In other features, the table is predefined when commissioning the HVAC system. In other features, the table is predefined based on a model of the HVAC system. In other features, the method includes filling out the table. In other features, the method includes inferring the commanded operating mode of the HVAC system using the additional data in response to the commanded operating mode being unknown.

In other features, the method includes storing the inference and the received aggregate control line current for future use. In other features, the additional data includes an outside ambient temperature in a geographic region of the HVAC system. In other features, the additional data includes a supply air temperature of the HVAC system. In other features, the additional data includes a refrigerant line temperature of the HVAC system. In other features, the additional data includes a time of year.

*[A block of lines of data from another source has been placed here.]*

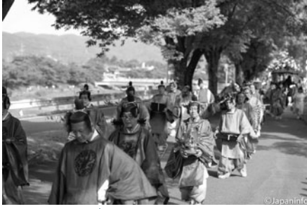
▲ ขบวนแห่เครื่องเซ่นสักการะเทพเจ้า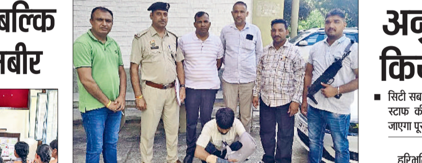
कैथल। अवैध असला रखने का आरोपी सीआईए-1 पुलिस गिरफ्त में।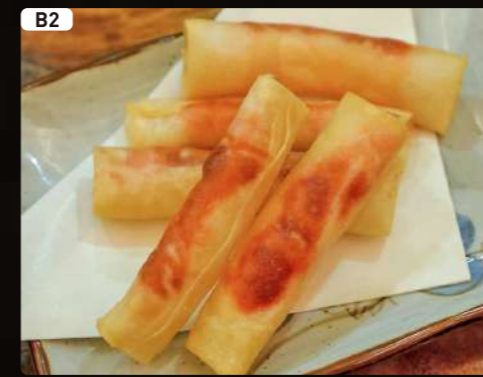
B2 明太チーズ春巻き Spring Roll Cheese & Cod Roe $3.00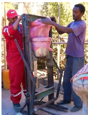
粘土をつめた型に上の型を合わせる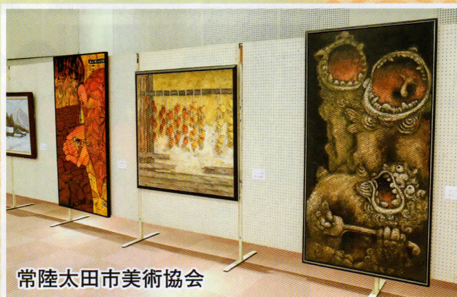
常陸太田市美術協会

In other features, the additional data includes a total current consumption of the HVAC system. In other features, the total current draw of the HVAC system includes all current drawn by components of (i) an indoor enclosure of the HVAC system or (ii) an outdoor enclosure of the HVAC system. In other features, the additional data comprises at least one of: (i) a steady state value of a total current consumed by the indoor enclosure; and (ii) a time or frequency domain characterization of the total current consumed by the indoor enclosure.

Further areas of applicability of the present disclosure will become apparent from the detailed description, claims, and drawings. The specific embodiments and specific examples are intended for purposes of illustration only and are not intended to limit the scope of the present disclosure.

Drawings

The present disclosure will become more fully understood from the detailed description and the accompanying drawings.

FIG. 1 is a block diagram of an exemplary HVAC system according to the prior art.

FIG. 2A is a functional block diagram of an exemplary HVAC system including an implementation of an air handler monitor module.

FIG. 2B is a functional block diagram of an exemplary HVAC system including an implementation of a condensation monitor module.

FIG. 2C is a functional block diagram of an exemplary HVAC system based on a heat pump.

FIG. 3 is a high-level functional block diagram of an exemplary system including an implementation of a remote monitoring system.

FIG. 4 is a table of exemplary current values corresponding to operating modes for a particular HVAC system installation.

Fig. 5A-5B are functional block diagrams illustrating additional details of an exemplary control line between a thermostat and a control module.

FIG. 6 is a flow chart of an exemplary operation of a monitoring system for determining an operating mode of an HVAC system based on a control line current.

In the drawings, reference numbers may be repeated to identify similar and/or identical elements.

Detailed Description

In accordance with the present disclosure, a monitoring system may be integrated with a residential or light commercial HVAC (heating, ventilation, or air conditioning) system of a building. The monitoring system may provide information regarding the status, maintenance, and efficiency of the HVAC system to customers and/or contractors associated with the building. For example, the building may be a single family residence, and the customer may be a homeowner, landlord, or tenant. In other implementations, the building may be a light commercial building and the customer may be a building owner, tenant, or property management company.

As used in this application, the term HVAC may include all environmental comfort systems in a building (including heating, cooling, humidification, dehumidification, and air exchange and purification), and cover devices such as furnaces, heat pumps, humidifiers, dehumidifiers, and air conditioners. An HVAC system as described in this application does not necessarily include both heating and air conditioning, and may instead have only one or the other.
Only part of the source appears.